Solve algebraically and check
y = x^2 - 3
x + y = -1
y appears in both equations to the first degree. You can eliminate y by equating the value of y from each equation.
Solve the resulting quadratic equation for x.
Back-substitute the values of x into the equations to get the corresponding values of y.
Substitute x^2 - 3 for y in the second equation.
x + x^2 - 3 = -1
x^2 + x - 2 = 0
(x + 2)(x - 1) = 0
Find the two possible values for x and insert to find y. Insert both sets of values into second equation to check.
To solve the system of equations algebraically, we can substitute the value of y from the first equation into the second equation. Let's start:
1. Start with the equation "y = x^2 - 3".
2. Replace the 'y' in the second equation with "x^2 - 3" from the first equation.
So we have: x + (x^2 - 3) = -1.
3. Simplify the equation: x + x^2 - 3 = -1.
4. Move all terms to one side to get a quadratic equation: x^2 + x - 2 = 0.
5. We can solve this quadratic equation by factoring or using the quadratic formula. Let's use factoring in this case:
Factor the quadratic equation: (x - 1)(x + 2) = 0.
6. Set each factor equal to zero and solve for x:
x - 1 = 0 --> x = 1
x + 2 = 0 --> x = -2.
7. We have two possible values for x: x = 1 or x = -2.
8. To find the corresponding y-values, substitute the x-values into any of the original equations.
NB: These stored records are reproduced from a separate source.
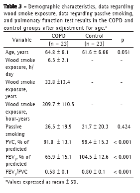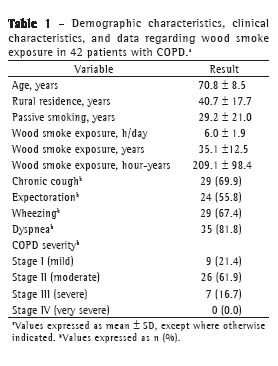 MethodsThe present study was conducted in central Brazil between 2008 and 2011. The inclusion criteria for COPD patients were as follows: being ≥ 40 years of age; having been exposed to wood smoke ≥ 80 hour-years for at least 10 years; not being a smoker; and having received a clinical and spirometric diagnosis of COPD. The inclusion criteria for controls were as follows: being ≥ 40 years of age; living in an urban area; not being a smoker; having no history of wood smoke exposure; and having normal spirometry results. All of the females who participated in the present study gave written informed consent. The exclusion criteria for COPD patients and controls were as follows: presenting with clinical findings (of an evaluation performed by a pulmonologist in the present study or of a previous evaluation by a pulmonologist, as reported in the medical records) suggestive of a history of asthma, rhinitis, or any extrapulmonary disease that might affect lung function; and having a positive bronchodilator test, FEV1 increasing by ≥ 12% and 200 mL.(15)
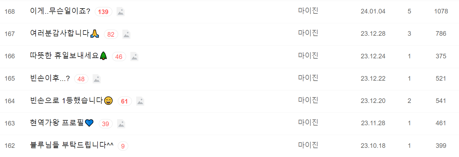 마이진 팬카페에는 실제로 마이진 님께서도 활동하고 있습니다. 아래 사진에서 보시는 바와 같이, 많게는 한달에 4회까지도 팬카페에 와서 팬분들에게 소식을 전하고, 또 감사 인사를 나누는 것을 확인할 수 있습니다.
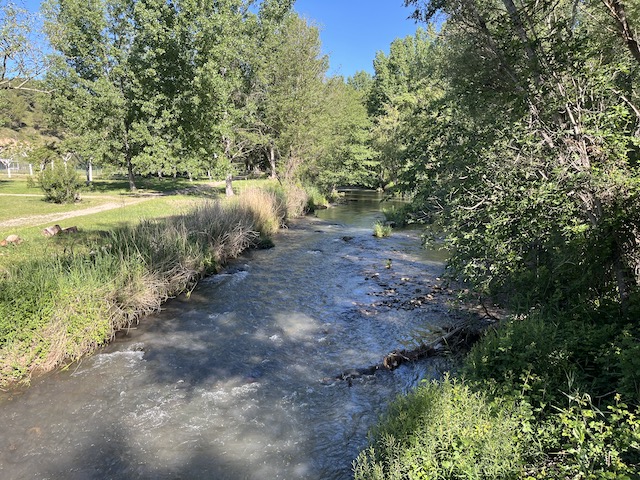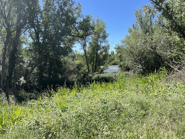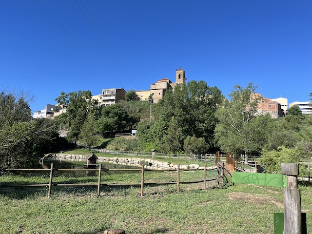 1,7 km: Travessem el riu Noguera Ribagorçana (foto 4) pel Parc del riu (foto 5), aquest forma part d’un espai protegit que constitueix la zona humida de l’aiguabarreig d’aquest riu amb el Segre. Està integrat per canyars i vegetació de ribera, que fa que sigui un recer per a aus que hi fan estada i un habitacle idoni per als moixons autòctons, per mamífers i per petits rèptils (foto 6).

Let's use the first equation.
For x = 1: y = (1)^2 - 3 = -2.
For x = -2: y = (-2)^2 - 3 = 1.
9. Therefore, the solutions to the system of equations are (1, -2) and (-2, 1).
To check if these solutions are correct, substitute the x and y values into both original equations and see if they satisfy the equations.
Let's substitute the values of (1, -2) into the equations:
For the first equation: y = x^2 - 3
Substituting x = 1 and y = -2, we get: -2 = (1)^2 - 3
Simplifying, -2 = 1 - 3
-2 = -2 ✔
For the second equation: x + y = -1
Substituting x = 1 and y = -2, we get: 1 + (-2) = -1
Simplifying, -1 = -1 ✔
Since both equations are satisfied, the solution (1, -2) is correct.
Now let's substitute the values of (-2, 1) into the equations:
For the first equation: y = x^2 - 3
Substituting x = -2 and y = 1, we get: 1 = (-2)^2 - 3
Simplifying, 1 = 4 - 3
1 = 1 ✔
For the second equation: x + y = -1
Substituting x = -2 and y = 1, we get: -2 + 1 = -1
Simplifying, -1 = -1 ✔
Both equations are satisfied, so the solution (-2, 1) is also correct.
Therefore, the solutions to the system of equations are (1, -2) and (-2, 1).